Les symptômes présentés par les victimes des attaques survenues mercredi dans la banlieue de Damas sont compatibles avec l'usage d'armes chimiques, en particulier de gaz neurotoxiques, mais le seul moyen de le confirmer serait d'analyser des échantillons, insistent des experts interrogés par l'AFP.

L'opposition syrienne a accusé le régime d'avoir tué plus de 1300 personnes à l'aide d'armes chimiques près de Damas, dans une région aux mains des rebelles, avec à l'appui de très nombreuses vidéos de victimes civiles diffusées sur l'internet. De son côté, le gouvernement syrien a formellement démenti, tout en refusant l'accès de la zone aux inspecteurs de l'ONU.

«J'ai vu 21 vidéos et il y a de fortes présomptions sur l'usage d'armes chimiques, mais il faut des preuves scientifiques, comme la présence de sarin dans le sang ou les urines», résume Olivier Lepick, spécialiste des armes chimiques et biologiques et chercheur à la Fondation de la recherche stratégique (FRS).

«Sur l'ensemble de ces vidéos, les tableaux cliniques (contractions musculaires, contraction des pupilles, hypersalivation, difficultés respiratoires, accélération du rythme cardiaque, absence de blessures physiques, etc.) sont très troublants et font penser à des neurotoxiques», déclare M. Lepick à l'AFP.

«Hier (mercredi), j'étais sceptique, mais j'ai révisé ma position» après avoir vu des vidéos de meilleure qualité, explique Jean Pascal Zanders, expert en désarmement chimique.

Sur ces images apparaissent selon lui «un certain nombre de symptômes compatibles avec un empoisonnement par des produits organophosphorés», dont le sarin fait partie, «et à une mort par asphyxie».

«Je ne peux pas confirmer s'il s'agit de sarin ou de VX (un gaz similaire), cela pourrait être une quantité de choses différentes ou un mélange», précise-t-il.

M. Lepick note toutefois que «le gaz sarin est l'agent le plus répandu dans l'arsenal syrien» et que ce pays dispose de roquettes, bombes d'aviation et obus d'artillerie capables de diffuser ce gaz.

«Certains symptômes sont cohérents avec des neurotoxiques, d'autres plus en rapport avec des agents incapacitants.
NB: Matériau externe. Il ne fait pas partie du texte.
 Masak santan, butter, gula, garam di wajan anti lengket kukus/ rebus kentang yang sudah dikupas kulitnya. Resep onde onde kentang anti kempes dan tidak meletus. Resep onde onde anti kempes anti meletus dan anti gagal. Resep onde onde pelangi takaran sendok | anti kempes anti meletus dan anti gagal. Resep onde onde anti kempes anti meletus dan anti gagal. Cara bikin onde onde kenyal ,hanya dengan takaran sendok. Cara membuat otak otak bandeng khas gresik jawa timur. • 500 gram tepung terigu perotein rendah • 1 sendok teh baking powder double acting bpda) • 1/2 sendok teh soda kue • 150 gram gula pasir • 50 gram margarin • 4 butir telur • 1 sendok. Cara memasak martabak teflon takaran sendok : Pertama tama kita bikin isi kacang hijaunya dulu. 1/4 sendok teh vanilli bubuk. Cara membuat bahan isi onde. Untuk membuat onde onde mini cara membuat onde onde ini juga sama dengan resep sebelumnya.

Ça ressemble fort à des agents neurotoxiques, mais on ne peut pas exclure que d'autres substances aient été employées», selon Ralf Trapp, consultant indépendant qui fut de 1998 à 2006 expert à l'Organisation pour l'interdiction des armes chimiques (OIAC) de La Haye.

Détails troublants

Pourrait-il s'agir de substances toxiques, du chlore par exemple, libérées accidentellement lors d'un bombardement sur un entrepôt ? «C'est une explication possible. Mais plus j'en vois, plus c'est cohérent avec une attaque aux gaz plutôt qu'avec un relâchement accidentel de produits toxiques», répond Ralf Trapp.

D'autres experts se montrent plus prudents, citant des détails troublants. «Les personnes qui aident les victimes ne portent pas de vêtements de protection ni de masques et si c'était une attaque au gaz, elles auraient été contaminées et victimes des mêmes symptômes», relevait mercredi Paula Vanninen, directrice de l'Institut finlandais pour la vérification de la convention des armes chimiques.
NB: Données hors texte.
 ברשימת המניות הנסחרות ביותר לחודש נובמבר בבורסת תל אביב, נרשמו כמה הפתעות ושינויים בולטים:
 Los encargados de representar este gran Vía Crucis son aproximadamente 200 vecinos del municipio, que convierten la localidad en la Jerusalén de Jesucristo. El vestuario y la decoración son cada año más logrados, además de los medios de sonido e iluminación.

«C'est l'une des choses à surveiller. Le personnel médical effectue une décontamination sommaire en aspergeant d'eau les victimes, et il est donc relativement protégé. Ce sont surtout les ambulanciers et ceux qui amènent les victimes à l'hôpital qui seraient contaminés», reconnaît Ralf Trapp.
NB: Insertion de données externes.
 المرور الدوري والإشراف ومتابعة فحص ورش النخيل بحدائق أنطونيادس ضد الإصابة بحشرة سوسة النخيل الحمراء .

«Mais si c'est un gaz volatile comme le sarin qui a été employé, les secours ne seraient que faiblement contaminés et ne présenteraient que des symptômes bénins, comme une vision trouble ou des douleurs oculaires. Ils pourraient supporter ça pendant un moment, ce qui expliquerait qu'on ne s'en aperçoive pas tant que ça», poursuit-il.

«Le seul moyen de vérifier l'utilisation d'armes chimiques, c'est de faire des prélèvements sur place et des analyses», insiste un ancien directeur du renseignement militaire français parlant à l'AFP sous couvert de l'anonymat.

«Il faut parler aux témoins, aux victimes, procéder à des examens médicaux, prélever des échantillons», renchérit Ralf Trapp, qui souligne que les agents neurotoxiques sont détectables seulement quelques jours dans les urines, mais restent «plusieurs semaines» dans le sang.

«Il n'est absolument pas trop tard! Les inspecteurs de l'ONU sont là-bas et s'ils ont accès à la zone et à ses habitants dans les jours qui viennent, ils ont de bonnes chances» de découvrir ce qui s'est passé, estime M. Trapp.